= Beginning of Section =

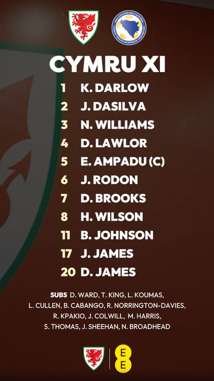Wales XI: Darlow, Dasilva, Neco Williams, Lawlor, Ampadu, Rodon, brooks, Wilson, Brennan Johnson, James, D. James
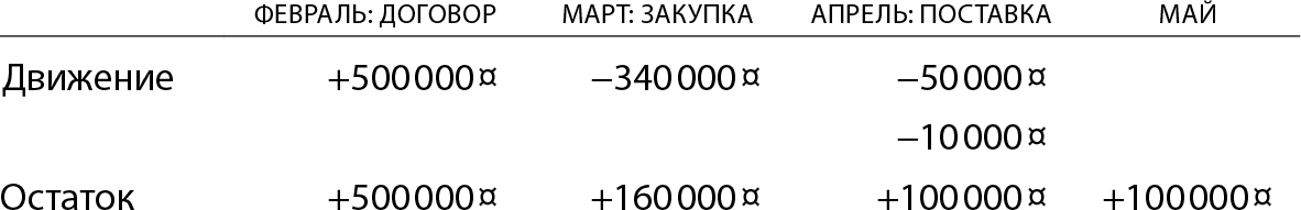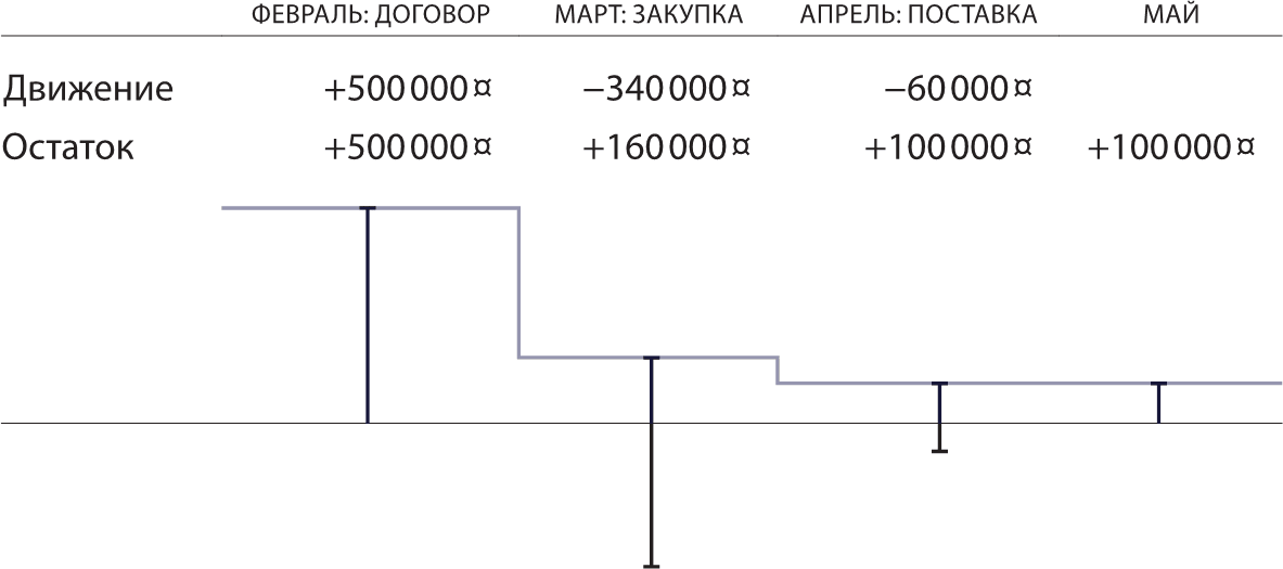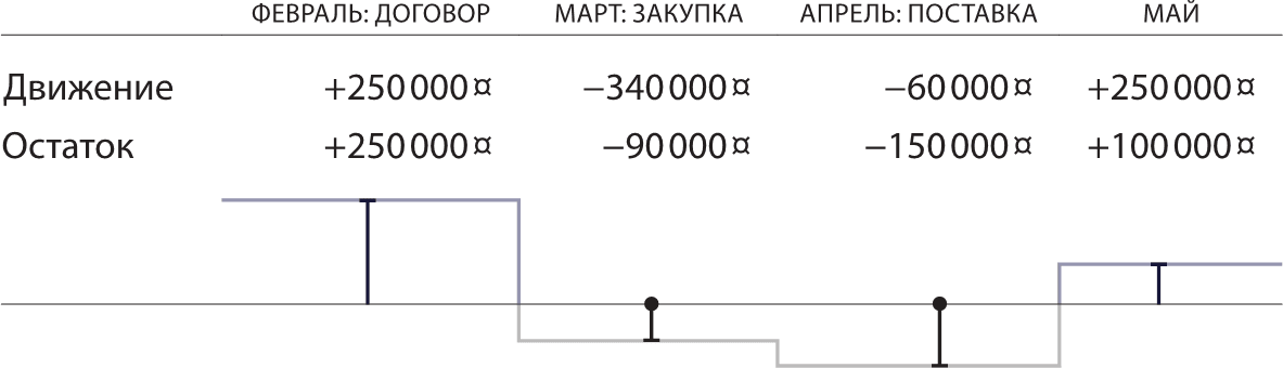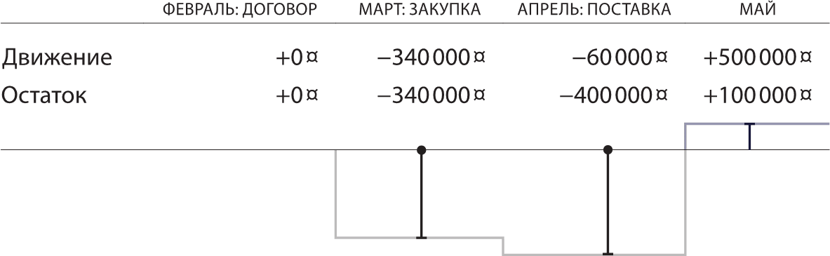 Из отчета продавца бумаги видно, что при всех трех вариантах оплаты у него в итоге остается 100 тысяч рублей. Но при трех последних вариантах в остатке появляются отрицательные значения — это и есть кассовый разрыв.
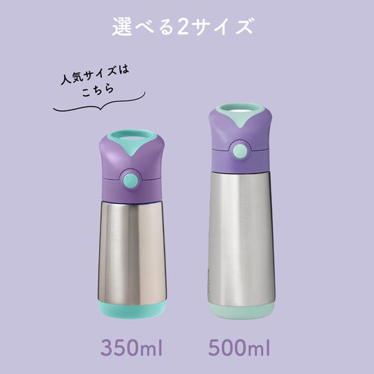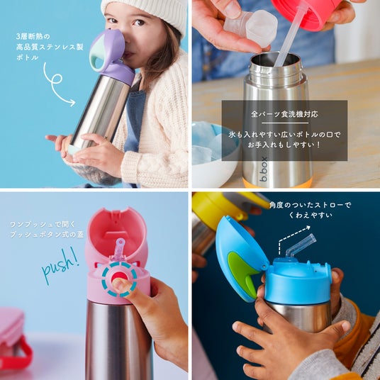 3層断熱の高品質なステンレスを使用し、長時間の保冷も保温もできる水筒です。サイズは350mlと500mlの2種類。500mlの水筒では冷たいものは最長15時間、あたたかいものは最長8時間温度を保つことができます。ボタン式の蓋で子供でも開け閉めが簡単。いつでも水分補給がしやすい、直飲みタイプのストロー付き水筒です。保育園・幼稚園や小学校でも使えて、女の子・男の子向けに、カラーも豊富でおしゃれなデザインを揃えています。
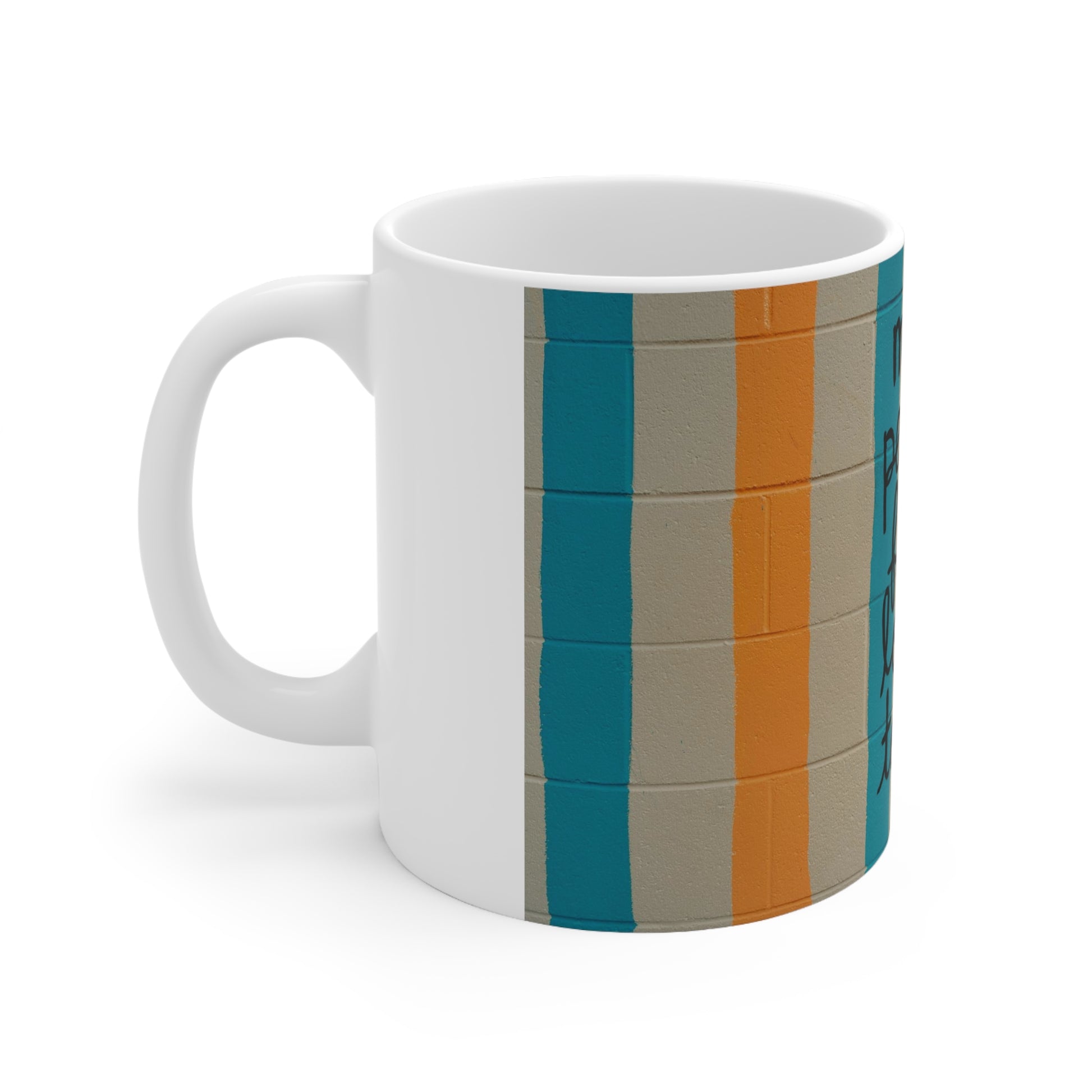 Now, let's talk about the design. This mug is striped with blue, green, brown, and orange. It's like a beautiful sunset over a calm ocean, a peaceful forest, a cozy campfire, and a ripe pumpkin all rolled into one. It's a feast for the eyes, folks!
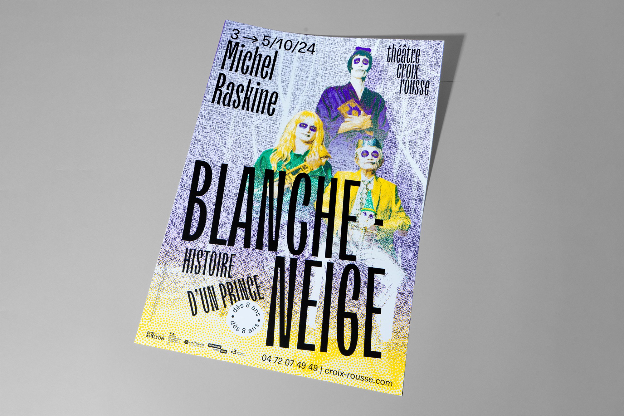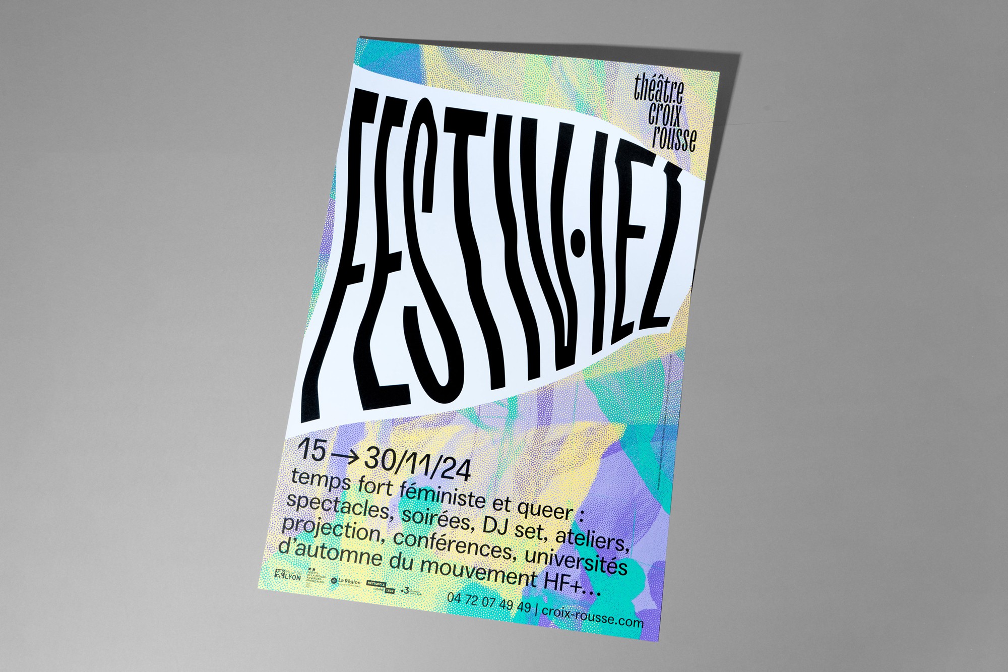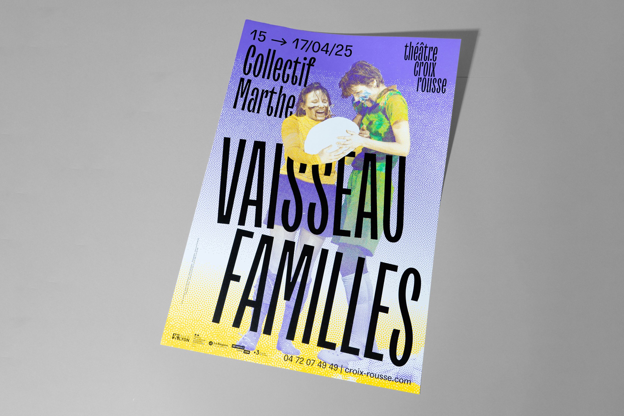 Le visuel de cette saison 2024-25 conserve le principe de superposition de plans et de couches entre typographie, paysages et personnages colorés. Une séance photo menée au sein du théâtre nous a inspiré cette composition où s’entremêlent corps et lettres. La mise en page en escalier, qui fait écho aux collines de la Croix-Rousse, est un axe fort de l’identité du théâtre que nous continuons de faire vivre au fil des saisons.
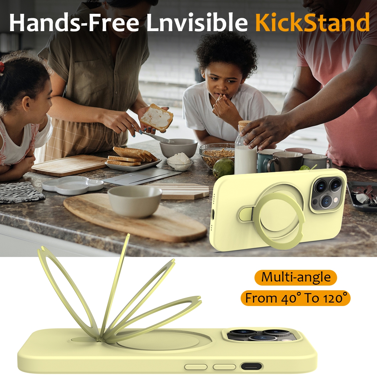 For iPhone 13 Pro Liquid Silicone MagSafe Magnetic Phone Case with Ring Holder(Yellow)
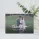 Élégant Carte de remerciements Photo Lettré À La Main Mariage. Une façon géniale et réfléchie de remercier vos amis, votre famille et vos collègues qui vous ont honoré leur présence lors de votre mariage avec cette photo moderne, merci de noter des cartes avec un script écrit "merci" et un coeur d'amour.
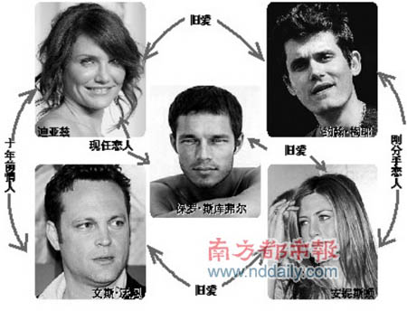 卡梅隆·迪亞茲和珍妮佛·安妮斯頓雖不是姐妹淘,但卻有驚人的相似點(diǎn)。兩人不僅都擁有金發(fā)碧眼,而且連對男友的喜好都相當(dāng)相似。兩人都和約翰·梅耶(JohnMayer)、保羅·斯庫弗爾、文斯·沃恩(VinceVaughn)等人譜出一段戀情。(記者 張麟)
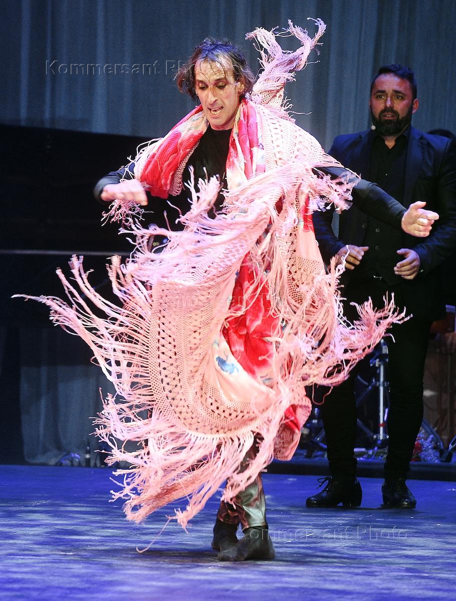 XVIII Международный фестиваль фламенко "Viva España!". Сольный спектакль хореографа Рубена Ольмо Horas Contigo ("Часы с тобой") на сцене Театра "Русская песня". Хореограф, танцовщик, директор Национального балета Испании Рубен Ольмо (слева) во время спектакля.
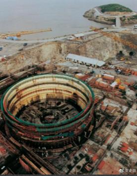 1991年12月15日,中國第一座自行設計、自行建造的核電站——秦山核電站并網發電。圖為建設中的秦山核電站。
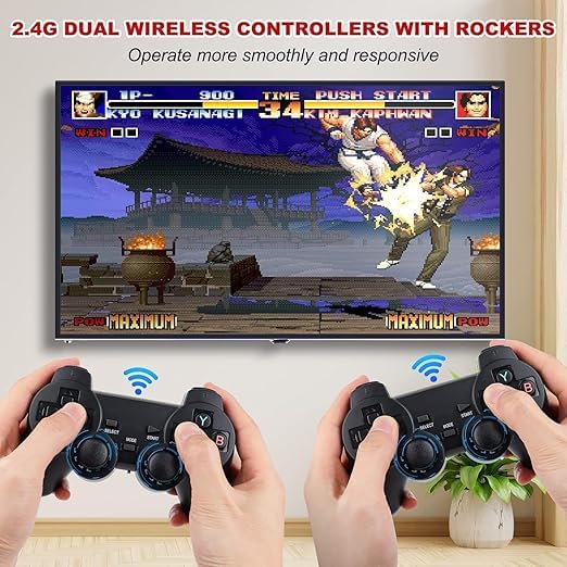 Complete Gaming Package: Includes 2.4G wireless game console with HDMI adapter, USB receiver, 2 wireless controllers, charging cable, and OTG adapter for instant gaming setup

= End of Section =

REQUIRED WORK —
Exactly as they appear, repeat the lines from the one containing "1991年12月15日,中國" through the last line of the entries, counting both ends. Pictures stay out.

REPLY TO THE TASK —
 1991年12月15日,中國第一座自行設計、自行建造的核電站——秦山核電站并網發電。圖為建設中的秦山核電站。
 Complete Gaming Package: Includes 2.4G wireless game console with HDMI adapter, USB receiver, 2 wireless controllers, charging cable, and OTG adapter for instant gaming setup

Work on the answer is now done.